┌────────
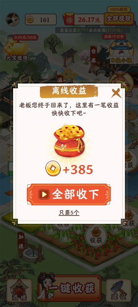1、进入江南小镇红包赚钱版游戏,离线收益可以获得金币
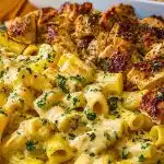 Golden-seared chicken meets rich, cheesy pasta in this irresistible Creamy Velveeta Chicken Rigatoni with Mozzarella Garlic Sauce. The dish strikes a perfect balance—juicy, seasoned chicken slices are nestled next to al dente rigatoni smothered in a velvety Velveeta and mozzarella sauce infused with garlic and herbs. It’s a comforting, restaurant-quality meal you can whip up right at home in under an hour.
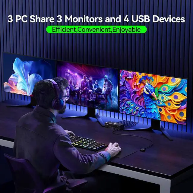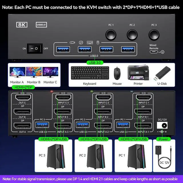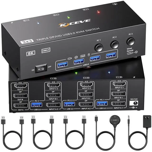 KVM Switch 3 Monitors 3 Computers This 3 Monitors KVM Switch effortlessly connect 3 PC to share 3 monitors (supports extended & mirrored display modes) and 4 high-speed USB 3.0 ports.: Extended mode drives 3 distinct screens; mirrored mode duplicates the same content across all 3 displays. ^^ 8K Ultra HD Triple Monitor KVM Switch HDMI 2.1 & DP 1.4 enabled 3 monitor KVM switches supports up to 8K@60Hz, 4K@144Hz & lower resolutions, delivering crystal-clear visuals with sharp, detailed imagery. ^^ 3 Monitor KVM Switch with 4 USB 3.0 Ports KVM Switch 3 computers 3 monitors integrated 4 USB 3.0 ports for keyboard, mouse, printer & USB drives Supports 5Gbps ultra-high-speed data transfer (10x faster than USB 2.0 ). ^^ Great compatibility & 2 switching modesKVM switch 3 monitors driver-free for Windows, Mac, Linux, Unix. Support Laptops and desktops. Widely applied for home, Office, etc. You can press the button or use wired remote (included) to switch the 3 computers. Three color LED indicate the active computer. ^^ You Will Get1* Triple monitor KVM Switch, 3* USB 3.0 cable, wired remote, 12V power adapter and user manual. ANGEET provide 1 year war-ranty. This 3 monitors KVM switch has three independent circuit boards, A, B and C, suitable for 3 computers to share 3 monitors, 2 monitors or 1 monitor, giving you more choices.
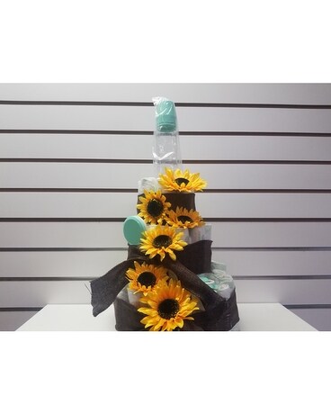 Hello Sunshine Diaper Cake in sunflower diaper cake
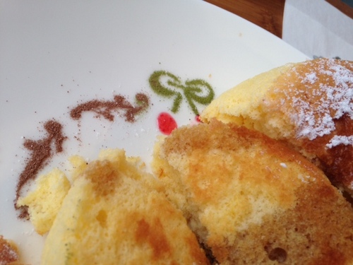 なぜ、こんなに極厚なんでしょう?美波さんに伺ったところ、時間をかけて混ぜているから、しっかり膨らむのだそう。材料は、小麦粉・卵・砂糖とシンプル!混ぜ方・分量など徹底したこだわりがあります。開発まで何度も何度も試作されたそうです。まさに奇跡のパンケーキ! この「極厚スフレパンケーキ」は、注文を受けてから作られるため、席に届くまで20〜30分かかります。 でも!!待つ価値有り有りです!!! シンプルだから感じられる卵の優しい甘み、極上のフワフワ感、柔らかい生地にメープルシロップがよく染み渡り、とってもジューシー!!他では味わえないミラクルなパンケーキです☆ パンケーキの美味しさに夢見心地で。。食べている途中で気付いたのですが、お皿のふちに可愛らしいサクランボの模様が♡ ![]() 食べられるパウダーやジュレ状のもので描かれていました。さりげないKawaiiにトキメキMAXです!!
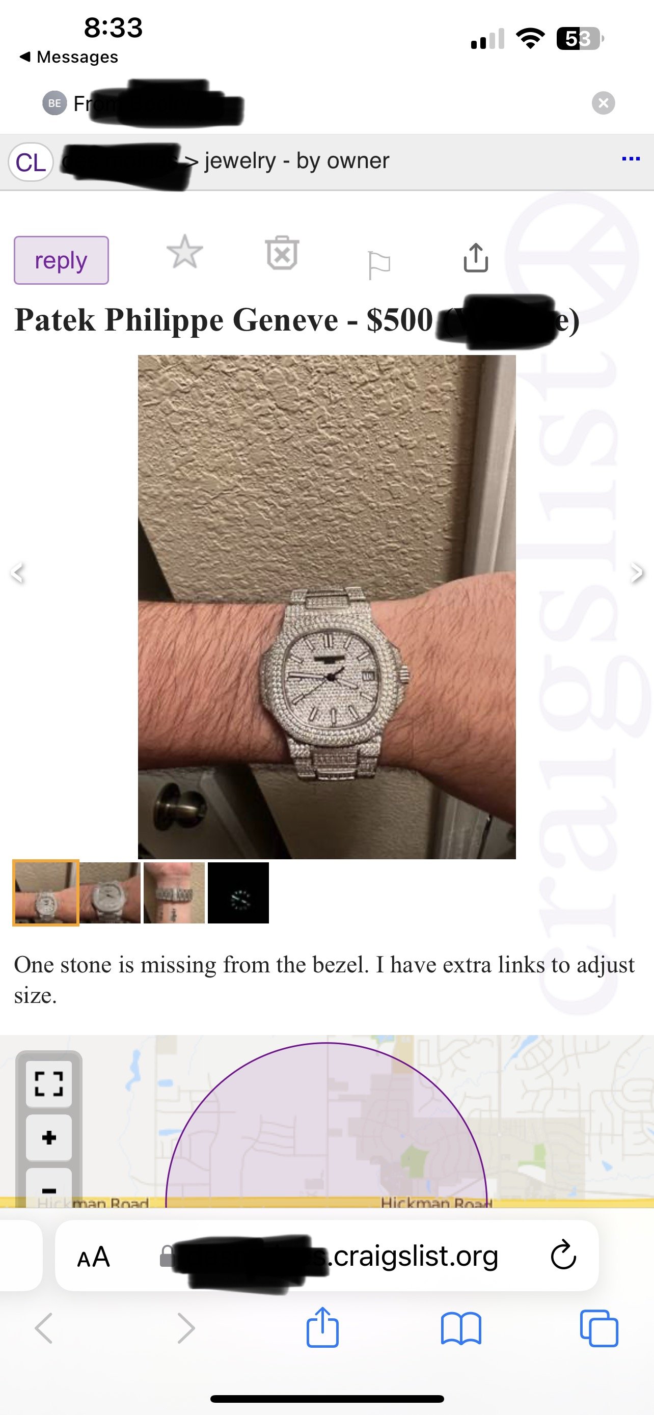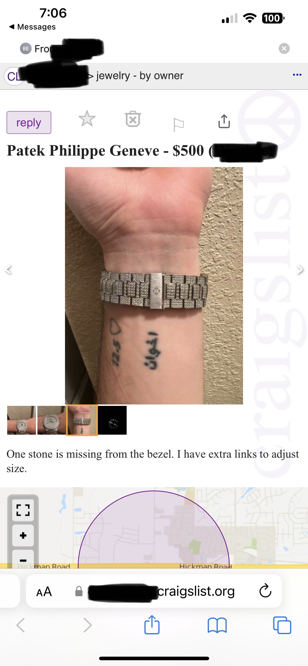 Fortunately only one stone missing from the bezel. I was only suspicious when I saw the wrist tattoos...the price clearly seems fair.
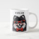 Comece seu dia com um traço de beleza usando o Nerd Vermelho Pomeraniano Cute de Óculos de Coffee Gigante. Esta caneca sobredimensionada apresenta um adorável Pomeraniano em uma ilustração preta e branca, adornada com óculos de nerd vermelho e uma gravata de arco de búfalo na moda vermelho e preto. Faça-o exclusivamente seu, adicionando um nome personalizado, e salve suas bebidas favoritas nesta charmosa e personalizada caneca gigante de café.
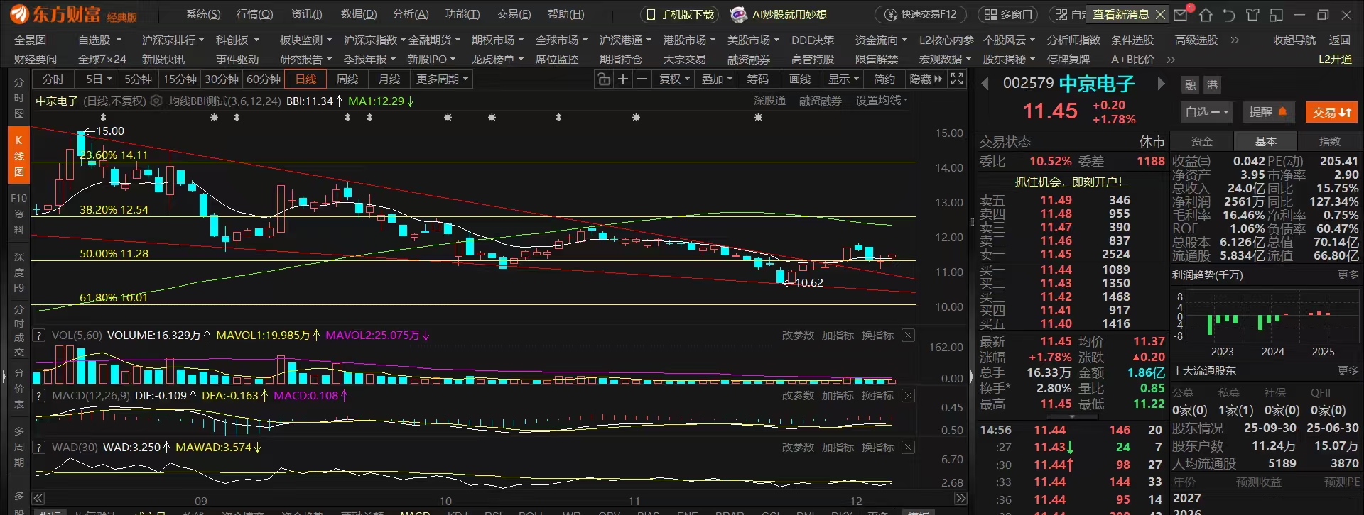中京电子周五给了一次回踩的机会后,小幅度放量反弹冲过了11.28,下一个阻力在前
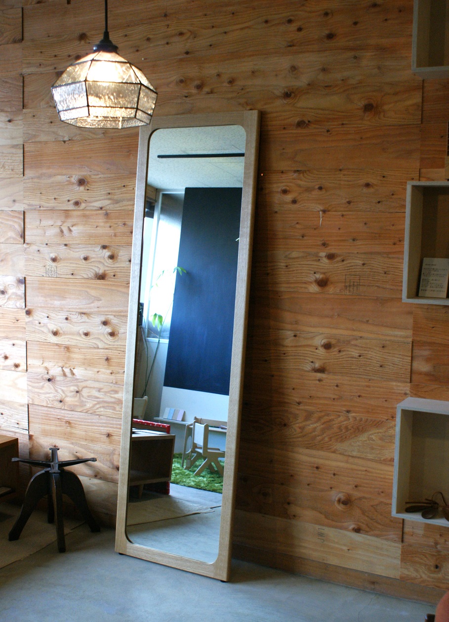 映る美しさを引き立てる、オーク無垢の姿見フレーム
└────────
Repeat the entries exactly as they are given, leaving out each image.

1、进入江南小镇红包赚钱版游戏,离线收益可以获得金币
 Golden-seared chicken meets rich, cheesy pasta in this irresistible Creamy Velveeta Chicken Rigatoni with Mozzarella Garlic Sauce. The dish strikes a perfect balance—juicy, seasoned chicken slices are nestled next to al dente rigatoni smothered in a velvety Velveeta and mozzarella sauce infused with garlic and herbs. It’s a comforting, restaurant-quality meal you can whip up right at home in under an hour.
 KVM Switch 3 Monitors 3 Computers This 3 Monitors KVM Switch effortlessly connect 3 PC to share 3 monitors (supports extended & mirrored display modes) and 4 high-speed USB 3.0 ports.: Extended mode drives 3 distinct screens; mirrored mode duplicates the same content across all 3 displays. ^^ 8K Ultra HD Triple Monitor KVM Switch HDMI 2.1 & DP 1.4 enabled 3 monitor KVM switches supports up to 8K@60Hz, 4K@144Hz & lower resolutions, delivering crystal-clear visuals with sharp, detailed imagery. ^^ 3 Monitor KVM Switch with 4 USB 3.0 Ports KVM Switch 3 computers 3 monitors integrated 4 USB 3.0 ports for keyboard, mouse, printer & USB drives Supports 5Gbps ultra-high-speed data transfer (10x faster than USB 2.0 ). ^^ Great compatibility & 2 switching modesKVM switch 3 monitors driver-free for Windows, Mac, Linux, Unix. Support Laptops and desktops. Widely applied for home, Office, etc. You can press the button or use wired remote (included) to switch the 3 computers. Three color LED indicate the active computer. ^^ You Will Get1* Triple monitor KVM Switch, 3* USB 3.0 cable, wired remote, 12V power adapter and user manual. ANGEET provide 1 year war-ranty. This 3 monitors KVM switch has three independent circuit boards, A, B and C, suitable for 3 computers to share 3 monitors, 2 monitors or 1 monitor, giving you more choices.
 Hello Sunshine Diaper Cake in sunflower diaper cake
 なぜ、こんなに極厚なんでしょう?美波さんに伺ったところ、時間をかけて混ぜているから、しっかり膨らむのだそう。材料は、小麦粉・卵・砂糖とシンプル!混ぜ方・分量など徹底したこだわりがあります。開発まで何度も何度も試作されたそうです。まさに奇跡のパンケーキ! この「極厚スフレパンケーキ」は、注文を受けてから作られるため、席に届くまで20〜30分かかります。 でも!!待つ価値有り有りです!!! シンプルだから感じられる卵の優しい甘み、極上のフワフワ感、柔らかい生地にメープルシロップがよく染み渡り、とってもジューシー!!他では味わえないミラクルなパンケーキです☆ パンケーキの美味しさに夢見心地で。。食べている途中で気付いたのですが、お皿のふちに可愛らしいサクランボの模様が♡ ![]() 食べられるパウダーやジュレ状のもので描かれていました。さりげないKawaiiにトキメキMAXです!!
 Fortunately only one stone missing from the bezel. I was only suspicious when I saw the wrist tattoos...the price clearly seems fair.
 Comece seu dia com um traço de beleza usando o Nerd Vermelho Pomeraniano Cute de Óculos de Coffee Gigante. Esta caneca sobredimensionada apresenta um adorável Pomeraniano em uma ilustração preta e branca, adornada com óculos de nerd vermelho e uma gravata de arco de búfalo na moda vermelho e preto. Faça-o exclusivamente seu, adicionando um nome personalizado, e salve suas bebidas favoritas nesta charmosa e personalizada caneca gigante de café.
中京电子周五给了一次回踩的机会后,小幅度放量反弹冲过了11.28,下一个阻力在前
 映る美しさを引き立てる、オーク無垢の姿見フレーム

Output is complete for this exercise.